The Coral’s Ecological Roles

Corals can obtain food through organic matter leaked by zooxanthellae, prey that have been stung, and absorbing dissolved organic compounds across the body wall. With 3 different ways of getting nutrients, corals assume the ecological roles of primary producer, primary consumer, carnivore, and detritus feeder.

Primary producer - This is the first trophic level of the ecosystem, where the primary producer provides the food for the rest of the following levels.

Primary consumer - This trophic level immediately follows the primary producers. They are made up of herbivore organisms that feed off plants and algae (the primary producers). They provide energy to the carnivores(secondary consumers) in the next trophic level.

Carnivore - This trophic level are secondary consumers that feed on the herbivore organisms, the primary consumers, one tropic level down.

Detritus feeder/detritivores- These are organisms that live on the refuse of the community, which include dead animals and feces. They are sometimes type of consumer that feeds off the dead. They may be found at several different levels in a food web.

This complex food web corals have reduces their dependence on a single food source. This is very good for coral survival in the event of environmental changes.

 

The System Within the Reef

It is probable that an efficient internal cycling exists in the reef ecosystem that could explain the rich biological processes in the poor nutrient tropical surface waters.
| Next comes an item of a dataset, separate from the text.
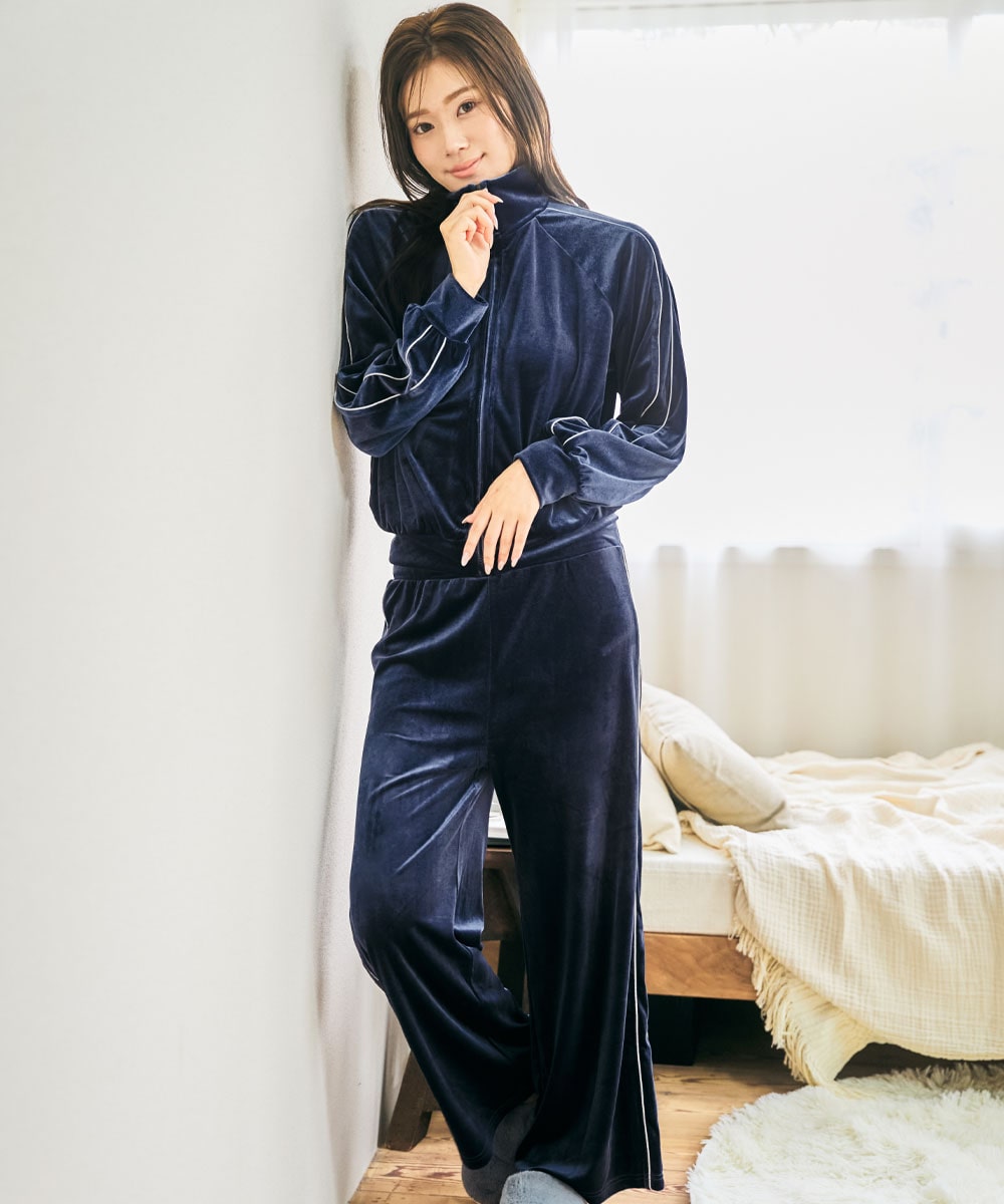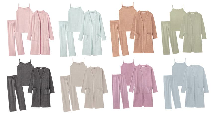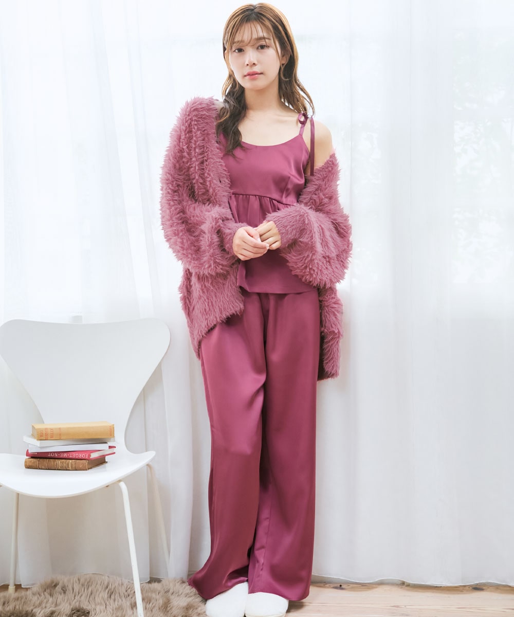 サテンキャミソール シャギーニット カーディガン付き ロングパンツ 3点セット

Unfortunately, little is known of the cycling system. Nitrogen is believed to be the limiting nutrient in the ocean and in coral reefs. A lot of nitrogen from the atmosphere is dissolved in seawater and fixed so as able to be used by filamentous blue-green algae. Nitrates also come from the oxidation of ammonia by bacteria in the sediments of the reef lagoon during decomposition of organic matter. The oxidation of ammonia to nitrate is intensive in the fine-grained organic sediments that are trapped by sea-grass bed roots.

The Atlantic, Caribbean, and Indo-Indian coral reefs are the same in structural forms, habitats and species interaction, although the specific organisms occupying ecological roles vary between both oceans and individual reefs. The significant difference between the Pacific and Caribbean is that the Pacific’s corals only grows down to 60 meters whereas the Caribbean’s grows down to 100 meters.
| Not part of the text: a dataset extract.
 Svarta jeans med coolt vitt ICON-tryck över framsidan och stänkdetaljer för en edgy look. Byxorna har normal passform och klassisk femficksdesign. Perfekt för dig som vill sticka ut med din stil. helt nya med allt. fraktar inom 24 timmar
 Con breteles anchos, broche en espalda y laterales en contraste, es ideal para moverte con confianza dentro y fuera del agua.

The Pacific coral reefs have slower growth rates. The reasons for its sluggish growth will be explained in the section “Destruction of Coral Reefs.”

 

Notes on the Virtues of Field Experience

It is important to not focus on so few components so as to overlook the less noticeable organisms. The variety of organisms has produced different ways of life in order to survive. For example, Jeremy Jackson and his students at John Hopkins University showed that encrusting organisms have specific toxins for defensive and offensive purposes. As a matter of fact, corals that grow close together compete and can extrude mesenterial filaments from the gut to compete with other types of species. Judith Lang’s work in Discovery Bay showed that corals have a hierarchy of aggression. In this hierarchy, slow-growing, but aggressive, corals can avoid being overgrown by fast-growing, but less aggressive corals, create greater diversity overall. Of course, this is not always the case. James Porter has found that the dominant coral in reefs on the Pacific Panama coast is Pocillopora damicornis, which is both fast growing and aggressive.

Corals that grow together also exhibit many properties that are similar to those found in rainforests.